Australian ballroom and Latin dancer

Melanie Hooper is an Australian ballroom and Latin dancer. She was a professional dancer on Australia's Dancing with the Stars. She also toured with dance show Burn the Floor.

== Early life ==
Melanie Hooper was born in Townsville, Australia. Hooper began dancing at age 13.

== Career ==
Hooper moved to Brisbane at age 21 to advance her dance career. She began competing in Sydney and Melbourne. Then, to further her career she moved to London, England. Her dancing titles include UK Rising Star Professional Latin Champion, German Professional Rising Star Latin Champion, Australian Open Professional Latin Champion, and Moscow World Professional Latin. In 2008, Hooper joined the dance show Burn the Floor. She was with the production when it moved to Broadway in 2009.
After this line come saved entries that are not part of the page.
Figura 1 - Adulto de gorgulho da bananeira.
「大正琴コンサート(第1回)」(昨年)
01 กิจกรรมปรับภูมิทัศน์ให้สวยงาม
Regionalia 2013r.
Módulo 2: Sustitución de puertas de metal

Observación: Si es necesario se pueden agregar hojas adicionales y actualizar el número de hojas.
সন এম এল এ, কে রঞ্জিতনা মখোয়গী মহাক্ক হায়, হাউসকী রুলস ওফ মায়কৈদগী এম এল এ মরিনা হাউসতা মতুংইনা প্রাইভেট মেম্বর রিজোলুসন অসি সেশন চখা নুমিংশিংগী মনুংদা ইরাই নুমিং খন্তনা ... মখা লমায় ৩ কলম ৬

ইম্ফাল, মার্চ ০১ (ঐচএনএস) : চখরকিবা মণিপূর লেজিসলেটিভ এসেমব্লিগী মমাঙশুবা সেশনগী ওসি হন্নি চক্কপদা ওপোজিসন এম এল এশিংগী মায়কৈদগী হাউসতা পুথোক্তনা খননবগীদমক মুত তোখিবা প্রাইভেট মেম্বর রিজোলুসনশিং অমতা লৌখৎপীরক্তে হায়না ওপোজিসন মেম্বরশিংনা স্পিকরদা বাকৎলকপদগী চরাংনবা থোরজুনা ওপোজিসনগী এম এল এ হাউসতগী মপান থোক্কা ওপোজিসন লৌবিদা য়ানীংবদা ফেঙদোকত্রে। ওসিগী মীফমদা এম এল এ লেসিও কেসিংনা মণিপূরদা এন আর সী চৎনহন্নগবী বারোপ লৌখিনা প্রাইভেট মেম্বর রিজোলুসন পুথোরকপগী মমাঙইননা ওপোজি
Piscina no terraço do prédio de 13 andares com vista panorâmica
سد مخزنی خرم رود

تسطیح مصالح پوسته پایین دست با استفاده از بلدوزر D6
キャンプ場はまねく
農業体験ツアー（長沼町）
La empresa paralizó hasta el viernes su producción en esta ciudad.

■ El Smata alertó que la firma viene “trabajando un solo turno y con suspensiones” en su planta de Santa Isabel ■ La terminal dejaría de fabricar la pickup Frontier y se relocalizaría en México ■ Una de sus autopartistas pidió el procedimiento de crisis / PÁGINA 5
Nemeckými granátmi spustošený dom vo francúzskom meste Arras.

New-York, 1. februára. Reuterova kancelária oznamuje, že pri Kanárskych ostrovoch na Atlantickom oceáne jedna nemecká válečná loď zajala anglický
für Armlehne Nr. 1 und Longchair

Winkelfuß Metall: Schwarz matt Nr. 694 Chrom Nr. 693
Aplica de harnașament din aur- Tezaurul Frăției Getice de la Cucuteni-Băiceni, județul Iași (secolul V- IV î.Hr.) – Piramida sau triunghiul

Hooper joined Australia's Dancing with the Stars in 2011, In her first season as a professional dancer, she partnered Damien Leith. They placed third. Her 2012 partner was 80's rocker Brian Mannix. In spite of low scores, Mannix and Hooper made it to week eight of the competition. The following season she was paired with television performer Tony Barber. Barber was the second celebrity eliminated. In 2014, her partner was AFL player David Rodan. Rodan and Hooper received five perfect scores on their way to winning the competition.

Hooper toured the United Kingdom with Strictly Come Dancing professional Brendan Cole's tours in 2012, 2013, and 2014.

== Personal life ==
In 2013, Hooper was engaged to Jarrod Tranter. Hooper married Tranter in 2015.